Egypt’s descent into violence is only a symptom of a larger cascade toward chaos since the 2011 overthrow of Hosni Mubarak. The burst of freedom felt by many Egyptians back then has not been matched by a new ordering of society under a constitutional and civilian-guided democracy. The pendulum has swung between those two demands because the main players – the military, Islamists, and democracy activists – have each failed in its own way to provide the balance between freedom and security that Egyptian society seeks.

On July 3, the world was witness to the odd spectacle of democracy activists inviting the historically antidemocratic military to oust an elected Islamist whose supporters prefer a theocracy. That tangle of competing interests is best simplified by seeing events in Egypt through the perspective of a country still sorting out its freedom/order balance.

A stable society can find that balance by creating a consensus on the principles that will reduce the clashes between individual rights and the need for social discipline based on rule of law. A constitutional democracy is the best way to do that. But getting there has been as difficult for Egypt as it is for almost any new democracy.

In the past year, Egyptians have seen crime and inflation rise, thousands of workers go on strike, basic services deteriorate, and a chaotic political scene produce widespread dysfunction in governance. The public then cried out for order from the one institution that is seen as the most efficient, trustworthy, and predictable – the military – even if that meant putting aside newly won freedoms for now.

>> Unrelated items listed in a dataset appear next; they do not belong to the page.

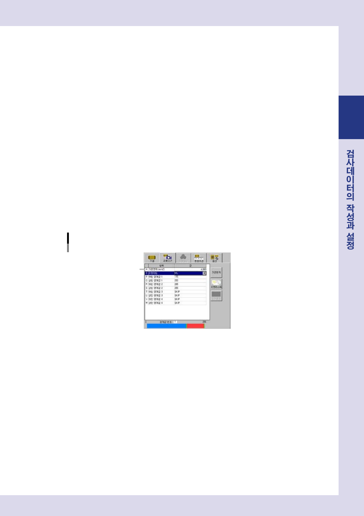 「검출조건」탭화면을열어서 ,다음의파라미터를설정해주십시오 .
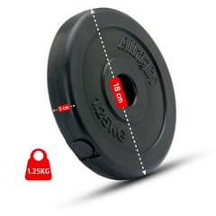 Composite load Allright.Composite disc in black. Bore diameter 28mm. The Allright composite load is ideal for a low-cost home gym. The outer layer of plastic is thick and at the same time quite flexible, which guarantees high comfort of use, protects the equipment and the floor from damage. Material: PVC plastic, cement. Diameter: about 18 cmThickness: about 3 cm
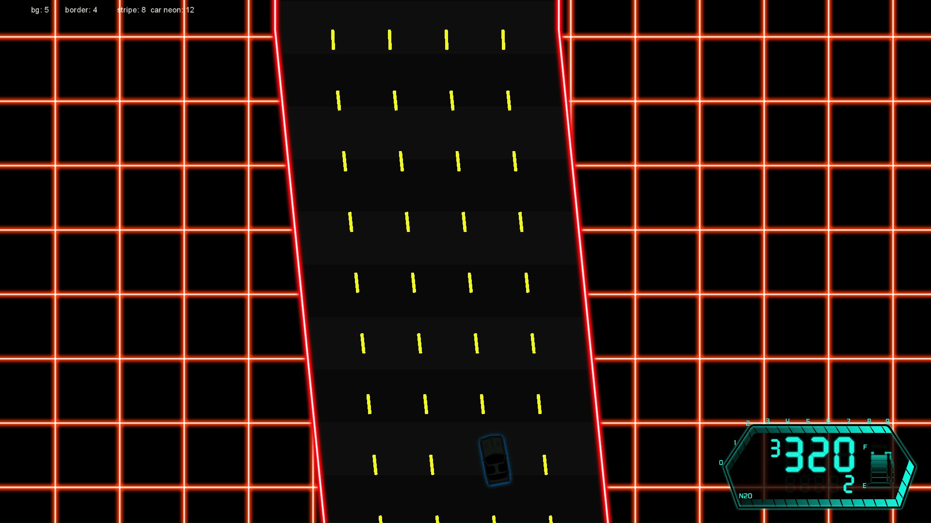 Razortron 2084 is a top-down racing game and the objective is very simple, race as long as you can on a procedural generated tracks, avoiding running out of gas and trying not to crash.
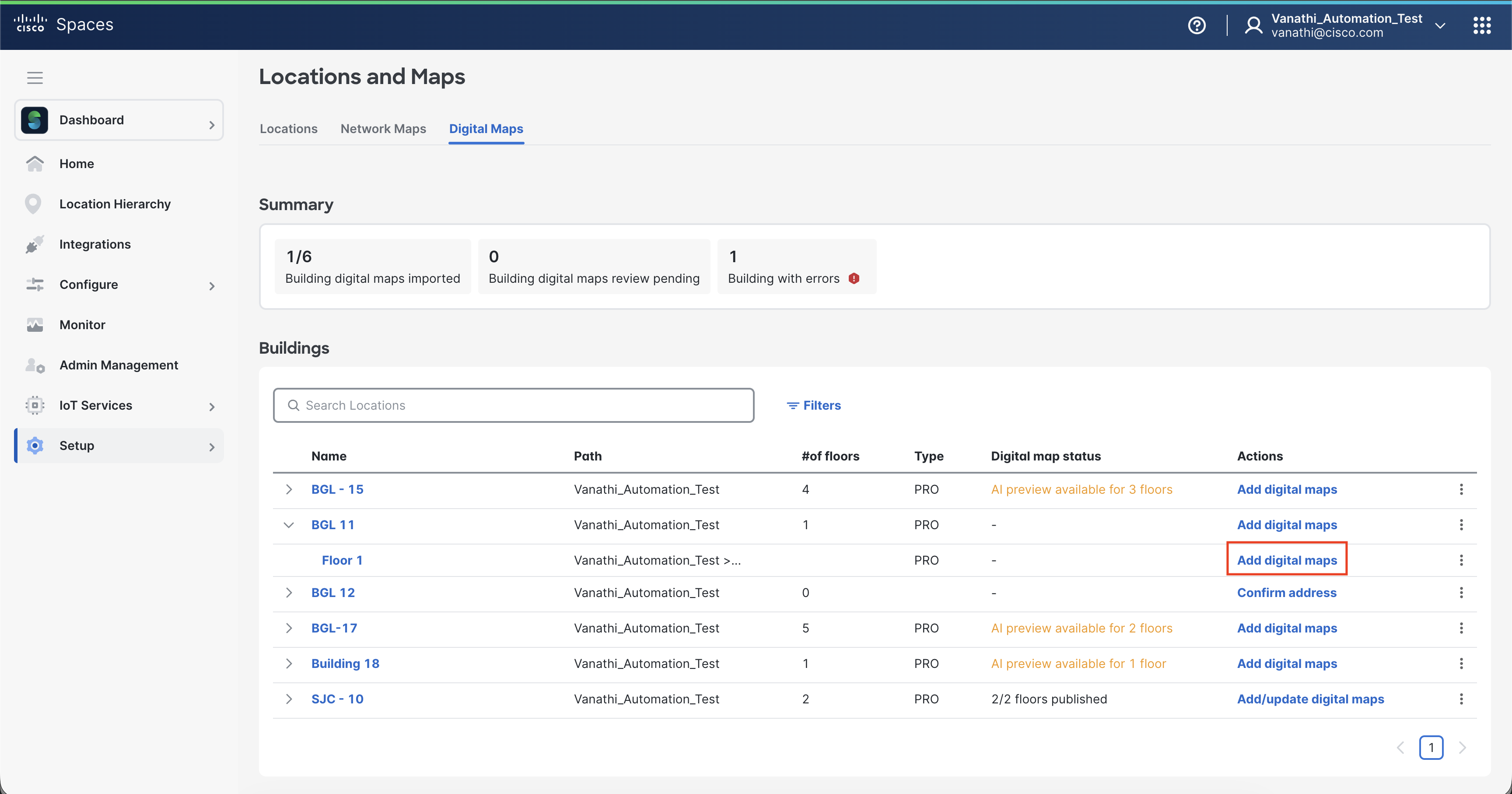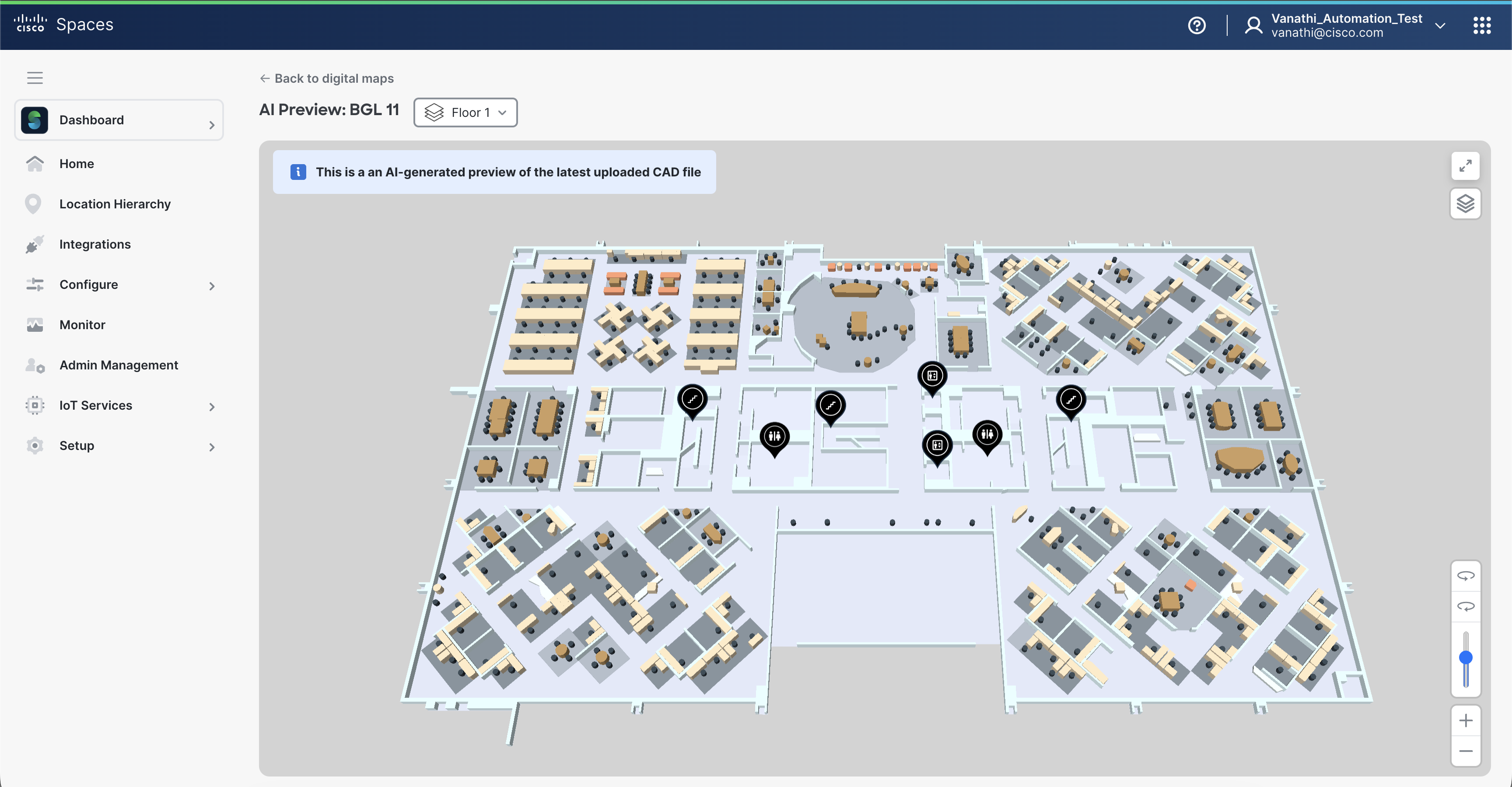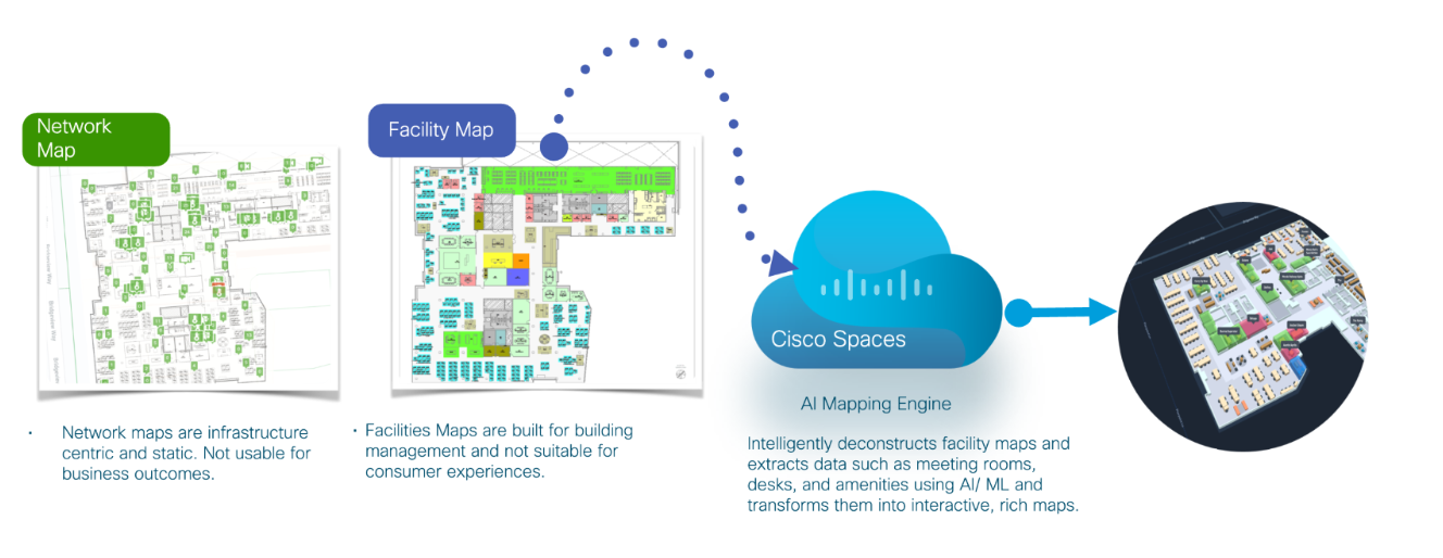 Digital Maps in Cisco Spaces provide visual representations of the spaces, enhancing navigation and planning.
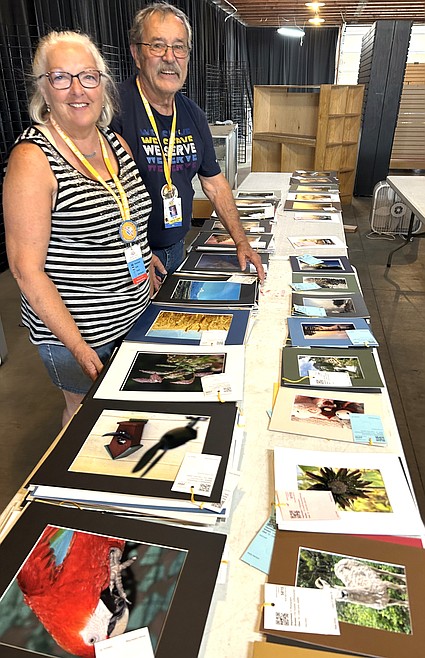 In the art and photography building, longtime superintendents Ken and Elaine Cook are in the early process of arranging photographs, with many laid out on a table.
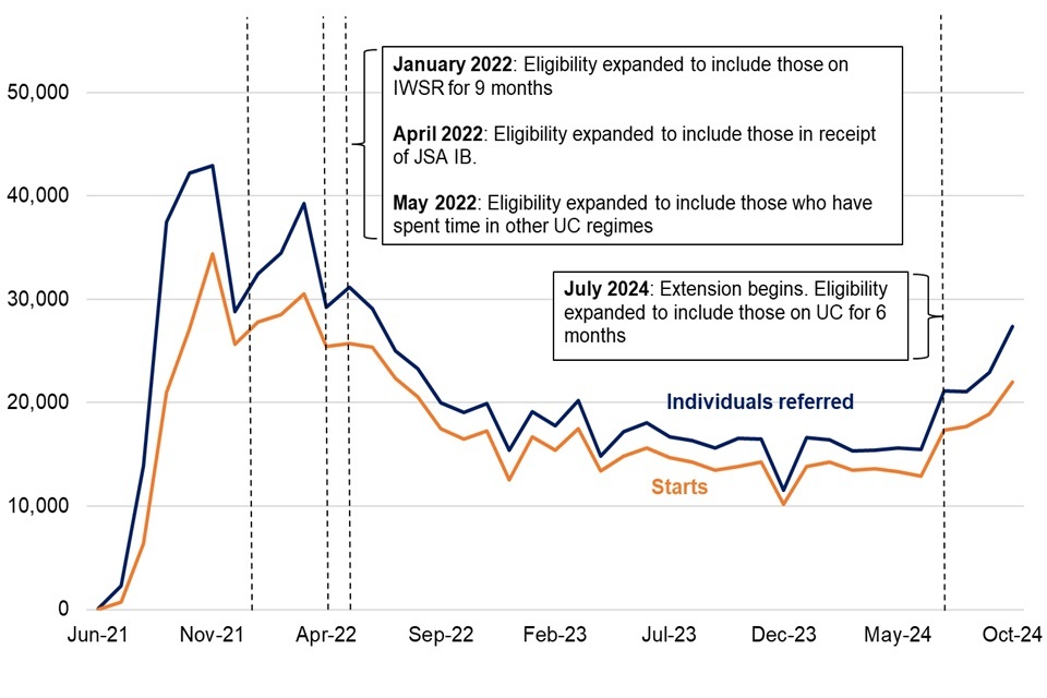 From January 2022, those in receipt of UC and in the IWS regime for at least 9 months were considered eligible; was expanded later in 2022 to include all claimants on UC and in the IWS regime with UC claims of at least 9 months, as well as those claimants in receipt of Income Based Jobseeker’s Allowance (JSA IB).

Egypt’s Army is somewhat unique in the world. It is the largest military in the Arab world and in Africa. It has fought five wars. Four of its officers ruled the country from 1952 to 2011. And it runs basic commercial enterprises, such as a giant bread factory and a water bottling business, that account for at least 8 percent of the economy.

Its leaders, such as chief Gen. Abdel-Fattah el-Sisi, claim they do not want to rule. But that claim is belied by the fact that they refuse to let a civilian be defense minister. After Mr. Mubarak’s fall, the Army stayed in power far too long – 16 months. Now it controls an interim government of civilians once again. And it has reinstated the much disliked police units that track political and religious groups.

The pendulum toward order has swung too far, especially if police resort to extreme violence against the Brotherhood protesters. The sooner that Egyptians can rally themselves behind a new rights-ensuring constitution, the faster the country will be on track to find the balance a democracy needs. Any society requires a firm footing in both self-governance and order.